大資料學習[17]--Elasticsearch 5.x 欄位摺疊的使用[轉]
作者:medcl
URL:https://elasticsearch.cn/article/132
在 Elasticsearch 5.x 有一個欄位摺疊(Field Collapsing,#22337)的功能非常有意思,在這裡分享一下,
欄位摺疊是一個很有歷史的需求了,可以看這個 issue,編號#256,最初是2010年7月提的issue,也是討論最多的帖子之一(240+評論),熬了6年才支援的特性,你說牛不牛,哈哈。
So,什麼是欄位摺疊,可以理解就是按特定欄位進行合併去重,比如我們有一個菜譜搜尋,我希望按菜譜的“菜系”欄位進行摺疊,即返回結果每個菜系都返回一個結果,也就是按菜系去重,我搜索關鍵字“魚”,要去返回的結果裡面各種菜系都有,有湘菜,有粵菜,有中餐,有西餐,別全是湘菜,就是這個意思,通過按特定欄位摺疊之後,來豐富搜尋結果的多樣性。
說到這裡,有人肯定會想到,使用 term agg+ top hits agg 來實現啊,這種組合兩種聚和的方式可以實現上面的功能,不過也有一些侷限性,比如,不能分頁,#4915;結果不夠精確(top term+top hits,es 的聚合實現選擇了犧牲精度來提高速度);資料量大的情況下,聚合比較慢,影響搜尋體驗。
而新的的欄位摺疊的方式是怎麼實現的的呢,有這些要點:
- 摺疊+取 inner_hits 分兩階段執行(組合聚合的方式只有一個階段),所以 top hits 永遠是精確的。

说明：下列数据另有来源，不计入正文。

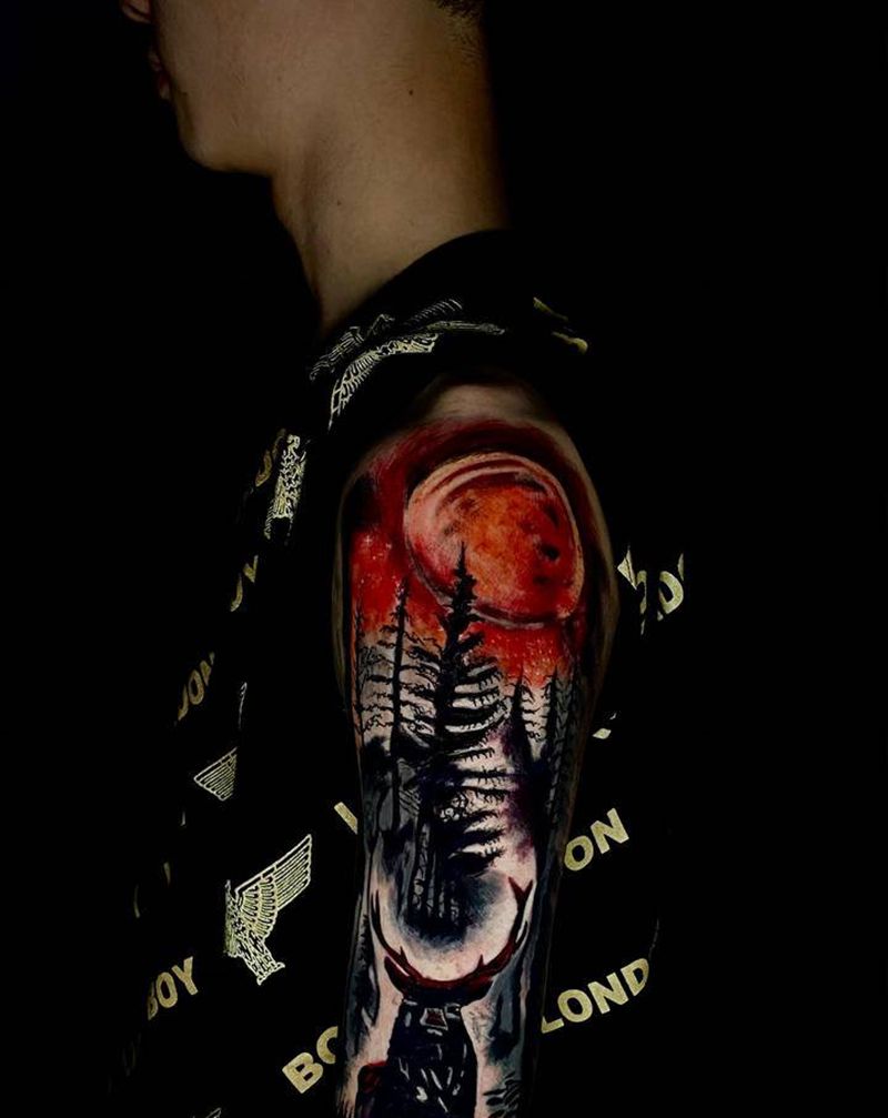 那就叫它告别艺妓纹身图片_手臂肩部欧美写实暗黑纹身图案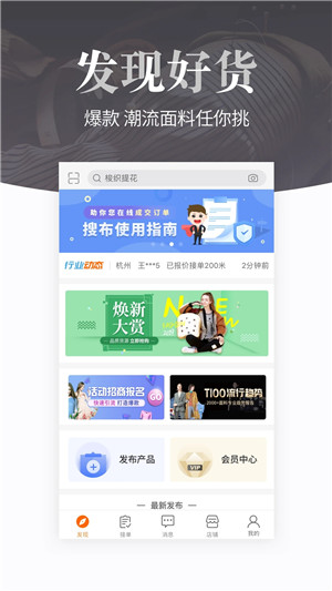 搜布app是全球首款纺织行业移动电商服务软件,软件内拥有超多优质的商品资源提供给你进行选择。各种各样的商品分类明确方便用户查找和购买!并且平台还有着专业人员在线为你解答疑惑哟!欢迎大家下载使用哦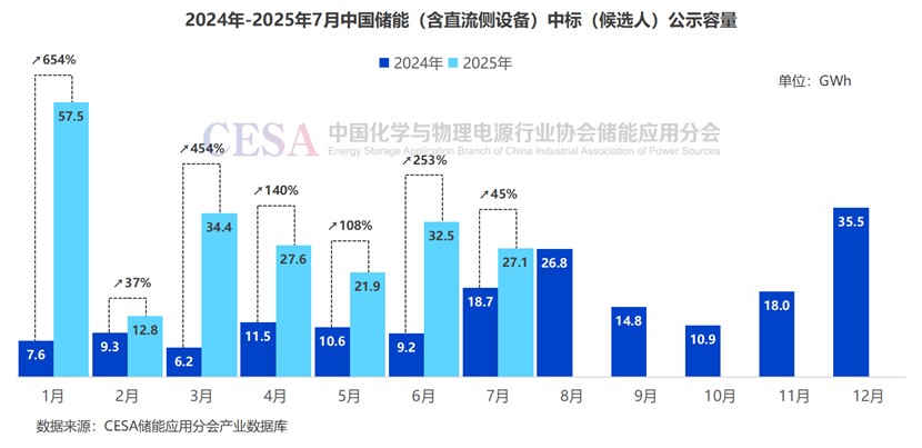 2025年1-7月儲(chǔ)能(含直流側(cè)設(shè)備)采招落地總規(guī)模已超過200GWh。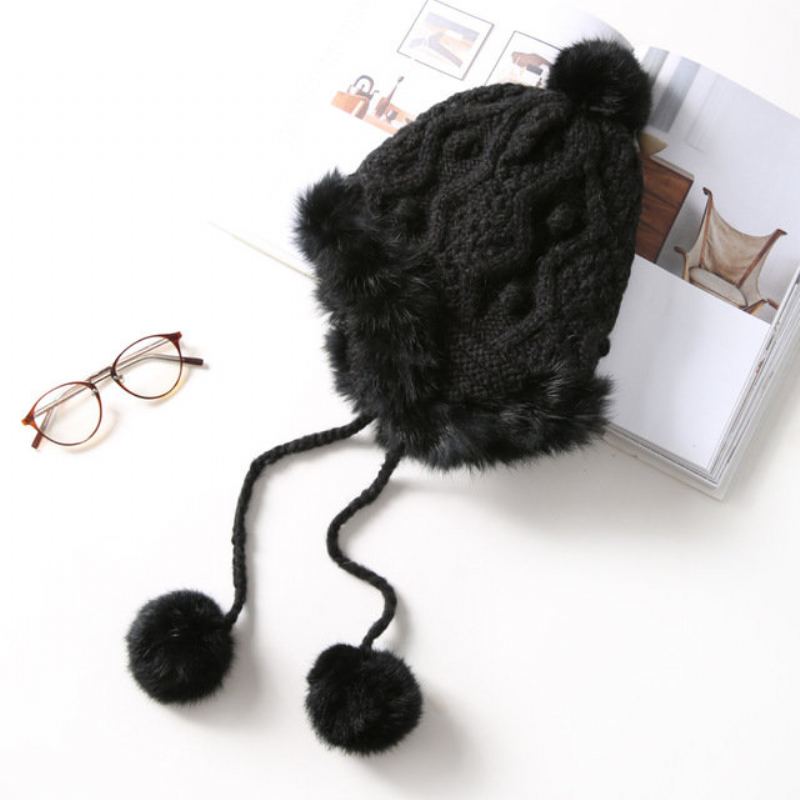 Pletená Vlněná Čepice Nové Chrániče Sluchu Pom Pom & Dekor Se Stahovací Šňůrkou
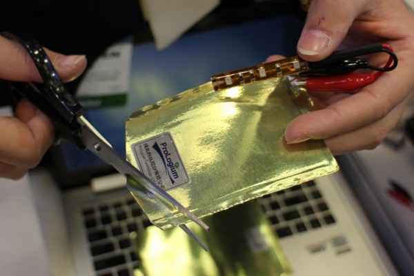 ProLogium在演示時(shí)該電池技術(shù)時(shí)接通一個(gè)LED,可以看到任何扭曲彎折之后,LED都照常發(fā)亮,甚至在裁切之后仍能正常供電。...

- 欄位摺疊只在 top hits 層執行,不需要每次都在完整的結果集上對為每個摺疊主鍵計算實際的 doc values 值,只對 top hits 這小部分資料操作就可以,和 term agg 相比要節省很多記憶體。
- 因為只在 top hits 上進行摺疊,所以相比組合聚合的方式,速度要快很多。
- 摺疊 top docs 不需要使用全域性序列(global ordinals)來轉換 string,相比 agg 這也節省了很多記憶體。
- 分頁成為可能,和常規搜尋一樣,具有相同的侷限,先獲取 from+size 的內容,再合併。
- search_after 和 scroll 暫未實現,不過具備可行性。
- 摺疊隻影響搜尋結果,不影響聚合,搜尋結果的 total 是所有的命中紀錄數,去重的結果數未知(無法計算)。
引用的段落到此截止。